Is there any python package for extracting text nicely from PDFs in RTL-languages?

2.9k Views Asked by At

I've worked with famous python packages for PDF files, like PDFminer, PyMuPDF, PyPDF2 and more. But none of them can extract text correctly from PDF files which are written in right-to-left languages (Persian, Arabic).

For example:

import fitz
doc = fitz.open("*/path/to/file.pdf")
txt = doc.getPageText(0)
print(txt)

it returns something like this:

...

اﯾﻨﺘﺮﻧﺖ و ﮐﺎﻣﭙﯿﻮﺗﺮ ﺑﻪ ﻣﺴﻠﻂ

ﻣﺴﻠﻂ ﻫﺎیزﺑﺎن

...

Sometimes the words are written reversed (first character comes last) and the words are swapped in a sentence, sometimes words are written correctly. But it does not know how to handle the Zero-width non-joiner (نیم‌فاصله) which is commonly used in Persian.
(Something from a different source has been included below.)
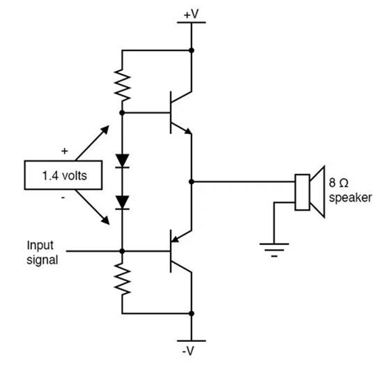 同時(shí)使用正電壓和負(fù)電壓電源的 B 類音頻放大器示意圖。

I tried a lot, But came to nothing. Thanks for your helps, in advance.

3

There are 3 best solutions below

4
ParisaN On

I had this problem, and I wrote following code:

import sys
from builtins import print
import fitz

input_file = "p.pdf"
line_list = []

doc = fitz.Document(input_file)
page_count = doc.pageCount

for i in range(page_count):
    load_page = doc.loadPage(i)
    page = load_page.getText() # read a page
    page = str(page)
    line_list.append(page.splitlines()) # split every page based on \n

for j in range (len(line_list)):
    for k in range(3): 
        line_list[j][k] = line_list[j][k][::-1]
        print(line_list[j][k])

But this package has two problems. 1) Reverses the words (e.g. "سلام" -> "مالس") I solved it in this code. 2) It has problems with documents with multi languages, like Farsi and English.

0
larapsodia On

I think the answer is that you can do this, but no current package really handles RTL languages well, so you're going to have to do some mopping up after whichever one you use.
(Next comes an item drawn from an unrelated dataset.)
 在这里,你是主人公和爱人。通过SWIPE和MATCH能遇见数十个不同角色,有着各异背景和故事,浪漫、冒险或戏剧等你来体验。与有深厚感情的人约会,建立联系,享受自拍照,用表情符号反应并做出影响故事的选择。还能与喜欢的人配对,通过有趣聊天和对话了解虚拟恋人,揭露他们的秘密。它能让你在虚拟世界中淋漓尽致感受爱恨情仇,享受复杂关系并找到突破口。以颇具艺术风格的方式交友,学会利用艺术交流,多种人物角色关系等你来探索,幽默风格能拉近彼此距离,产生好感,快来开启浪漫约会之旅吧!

I've had some success extracting Arabic text from (born digital) PDFs using pdfplumber. By "some success" I mean that it was a huge pain in the... neck, and didn't end up being accurate enough for my purposes. The pain part was because the extracted text was backwards and it had inserted a space next to every diacritic. (I imagine you would need to get rid of the zero-width ligature in Persian either as a pre- or post-processing step.) In Arabic, at least, those were fixable — some code is below.

But the accuracy problem was because I was using a PDF of an Arabic novel that was written in a pretty font where some of the letters are kind of stacked on top of each other. pdfplumber was mostly able to extract what letters were there, but not which order. (Not surprising — this is tough for human students of Arabic as well.) I'm not sure if Persian has the same issue. But if your source is using a plain font you might have better results.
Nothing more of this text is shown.